Direct Distributional Optimization for Provable Alignment of Diffusion Models
This provides a provable alignment method for diffusion models, applicable to tasks like RLHF, DPO, and KTO, but it is incremental as it builds on existing distribution optimization techniques.
The paper tackles the problem of aligning diffusion models by formulating it as a distribution optimization problem and directly optimizing the distribution using the Dual Averaging method, achieving rigorous convergence guarantees and an end-to-end bound on sampling error that shows complexity independent of isoperimetric conditions under accurate score knowledge.
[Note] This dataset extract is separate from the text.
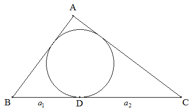 ∠A=90°の直角三角形ABCの内接円とBCとの接点をDとする。 BD=a1,DC=a2とおくとき,△ABCの面積を求めよ。 | ![]() |

We introduce a novel alignment method for diffusion models from distribution optimization perspectives while providing rigorous convergence guarantees. We first formulate the problem as a generic regularized loss minimization over probability distributions and directly optimize the distribution using the Dual Averaging method. Next, we enable sampling from the learned distribution by approximating its score function via Doob's $h$-transform technique. The proposed framework is supported by rigorous convergence guarantees and an end-to-end bound on the sampling error, which imply that when the original distribution's score is known accurately, the complexity of sampling from shifted distributions is independent of isoperimetric conditions. This framework is broadly applicable to general distribution optimization problems, including alignment tasks in Reinforcement Learning with Human Feedback (RLHF), Direct Preference Optimization (DPO), and Kahneman-Tversky Optimization (KTO). We empirically validate its performance on synthetic and image datasets using the DPO objective.